We use KXOVER as a name for the Kerberos Realm Crossover protocol proposed on this page. The Dutch may pronounce KXOVER als klaar-over, after the street-crossing public service (for school children).

Mechanics of the Project

  1. A client requests a sevice from its local KDC
  2. The local KDC finds that it does not define the requested service
  3. The local KDC creates a (KRB5_PRIV or local & unencrypted) message with the TGS_REQ from the client and sends it to the local KXOVER deamon.
  4. The KXOVER deamon extracts the server name from the request, and looks in DNS.
  5. Demanding DNSSEC for security, the local KXOVER daemon extracts a _kerberos TXT record describing the remote realm for the server name
  6. If the remote realm is already known, and its key is still valid for long enough, the local KXOVER deamon returns the referral TGT to the client directly (or through the KDC)
  7. Demanding DNSSEC for security, the local KXOVER deamon extracts an SRV record describing the address and port of the remote KDC
  8. Demanding DNSSEC for security, the local KXOVER deamon extracts the TLSA records for the remote KDC
  9. The local KXOVER daemon initiates a PKINIT exchange with the remote KDC (using its own server certificate for PKINIT)
  10. The local KXOVER daemon validates the remote KDC through the TLSA record representing the remote KDC's PKINIT certificate
  11. The remote KDC receives the PKINIT request with a server certificate; the PKINIT received by the remote KDC contains the PA-KXOVER in its PA-DATA
  12. The remote KDC sends the PKINIT request to the remote KXOVER deamon
  13. The remote KXOVER deamon validates the local KDC's certificate through DNSSEC and SRV/TLSA records
  14. The local and remote KXOVER deamons agree on a symmetric key using Elliptic Curve Diffie-Hellman cryptography; they also agree on a timeout for this key and store it for that period of time
  15. The local KXOVER deamon returns a ticket referral to the client (directly or through the KDC) so a TGT for the remote realm; this ticket is not valid beyond the remote KDC's agreed key validity.
  16. The client understands the ticket referral as a hint to contact the remote realm
  17. The client looks up the SRV record for the remote KDC
  18. The client assumes that the KDC has established security, and therefore does not have to enforce DNSSEC validation
  19. The client requests a TGS from the remote KDC, using the remote realm name obtained from the ticket referral

The KDC code has to be modified in order to allow the redirection of cross-over requests to the KXOVER deamon, and if responses are passed back through the KDC, relay those back to the user.

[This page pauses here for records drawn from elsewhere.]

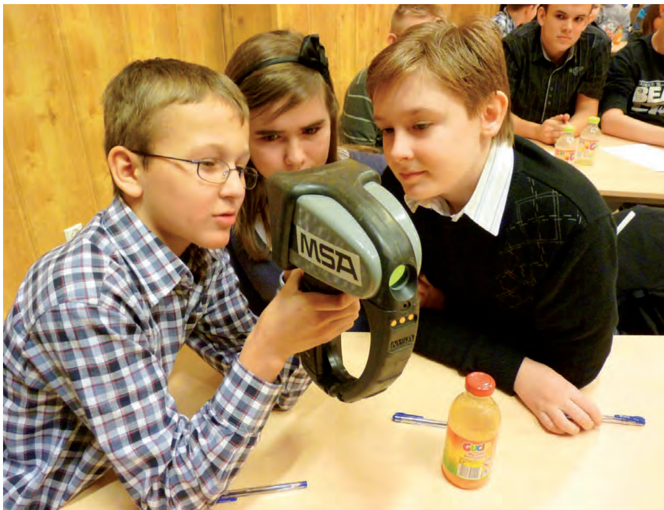
Uczestnicy turnieju w Strykowie, uczniowie SP1 z zaciekawieniem oglądają kamerę termowizyjną, którą często posługują się strażacy.

W środę, 7 marca w Mąkolicach odbyły się eliminacje turniejowe dla rejonu miasta i gminy Głowno, o których piszemy poniżej.
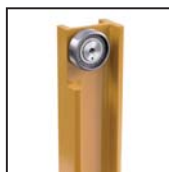
Cuscinetti radiali a rulli cilindrici Straight roller radial bearings
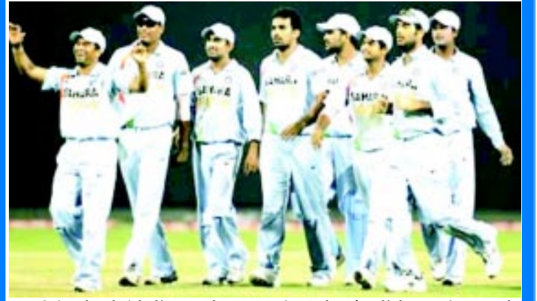
श्रीलंका के कोलंबो में हुए दूसरे एक दिवसीय क्रिकेट मैच में मेहमान टीम भारत ने मेजबान श्रीलंका को 15 रनों से हराकर पांच मैचों की सीरीज में 2-0 से बढ़त ले ली है।
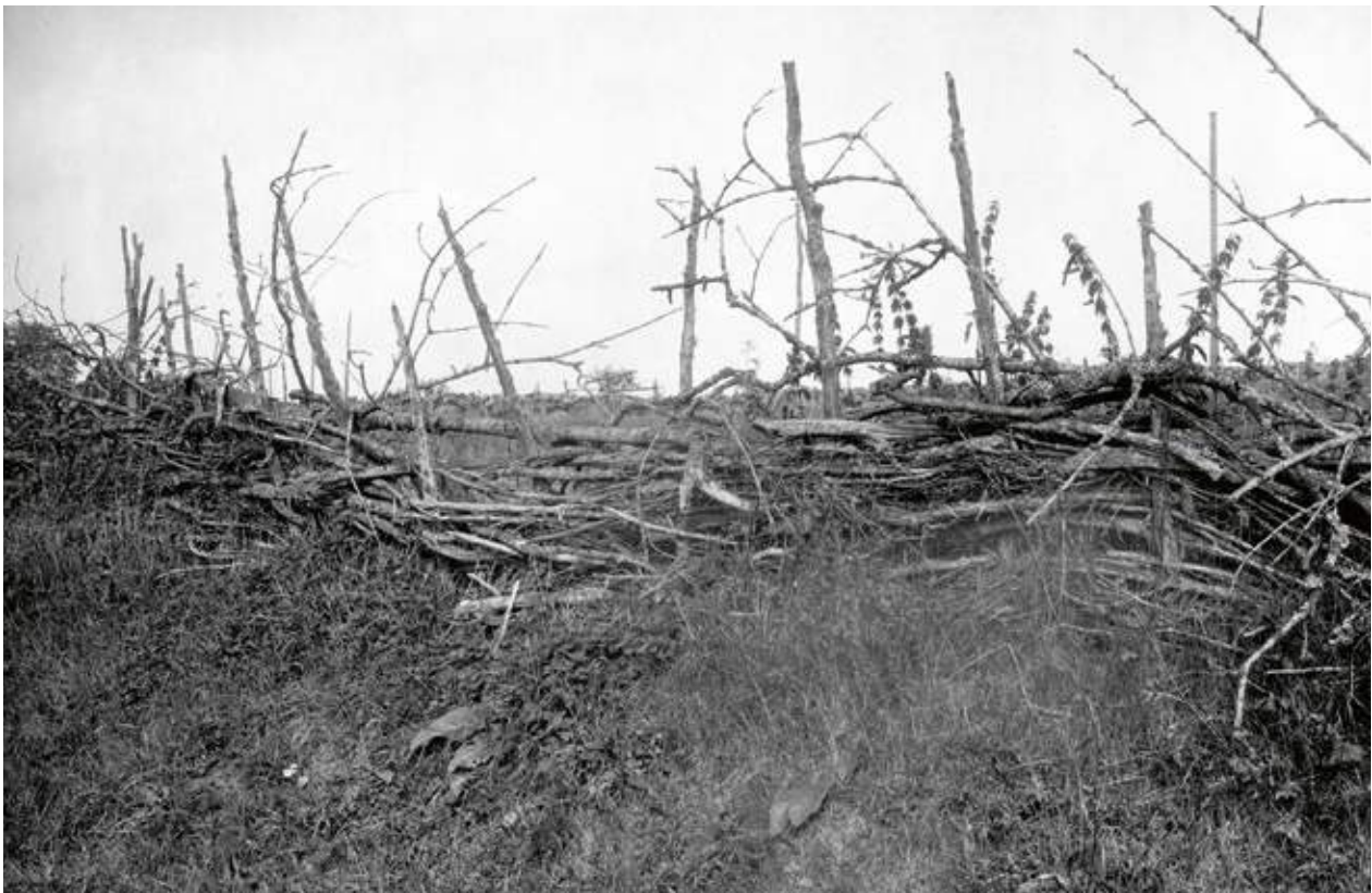
"... en flätad gårdesgård i Näflinge by. Gården är af förenkadt utförande. Stafvarne bestå af diverse löfträdsgrenar. Flätmaterial af såväl löfträdsgrenar som enris. På den ena bilden löper hågnaden öfver gammal, numera öfvergifven odlingsmark tillhörig byn." 1925. Text och foto: Märten Sjöbäck, Helsingborgs museums samlingsdatabas Carlotta (PD).
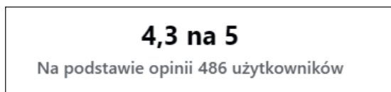
Ryc. 4. Zrzut ekranu z ogólną oceną Muzeum-Zamku w Łąncucie z portalu Facebook
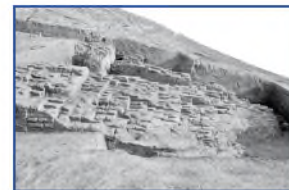
Extrémité de la terrasse ouest, vue sud, Grand Tepe, 1977. (Cote : TT12/1)
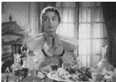
Anouk Aimée dans Le Rideau Cramoisi

A partir du mois de juin 2008, l'actrice Anouk Aimée qui a notamment figuré dans l'adaptation cinématographique du Rideau Cramoisi de Alexandre Astruc en 1952, consacrera dix soirées d'une heure environ, à la lecture d'extraits choisis tirés de l'œuvre littéraire de Jules Barbey d'Aurevilly. Le choix des textes et la préparation seront confiés à Monsieur Frédéric Vitoux de l'Académie Française.
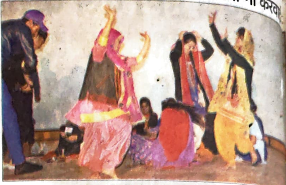
धर्मशाला कॉलेज में सांस्कृतिक प्रस्तुति देते स्काउट्स एंड गाइड।
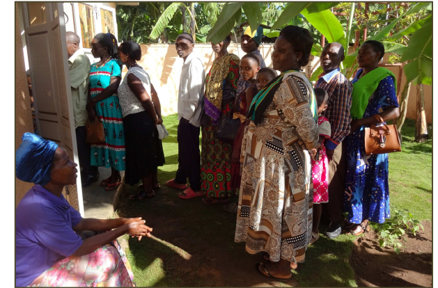
Bild: Patienten warten im Freien
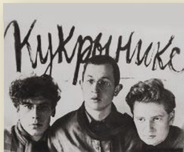
Кукрыники "Беспощадно разгромим и уничтожим врага!"
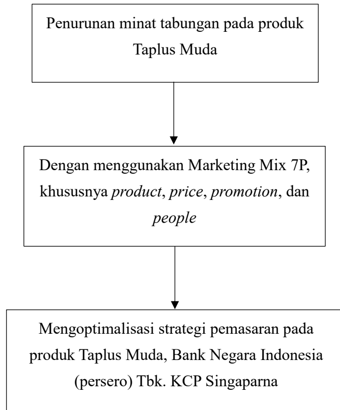
Gambar 2.3 Skema Pendekatan Masalah
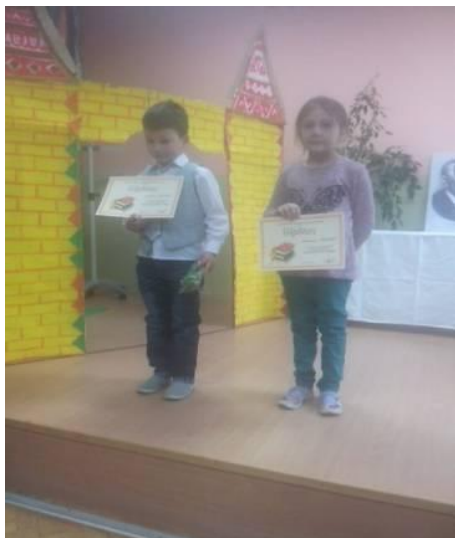
Školské kolo Hviezdoslavov Kubín

The KDC admin must publish the KDC's server-side PKINIT certificate in a TLSA record before enabling this process. The KDC admin has to create a principal for the deamon in the database in order to allow secure communication between the KDC and the deamon.

Note that the above process is not symmetric; the local KDC contains a client and the remote KDC contains a service. The key exchanges is only setup for that direction; the opposite will often be supported as well, but would require a separate key exchange process.

The one thing the client must permit, is accept ticket referrals. This means that it should flag being open to those through the canonicalize(15) KDCOption flag. This is not new. -- but is it available in practice?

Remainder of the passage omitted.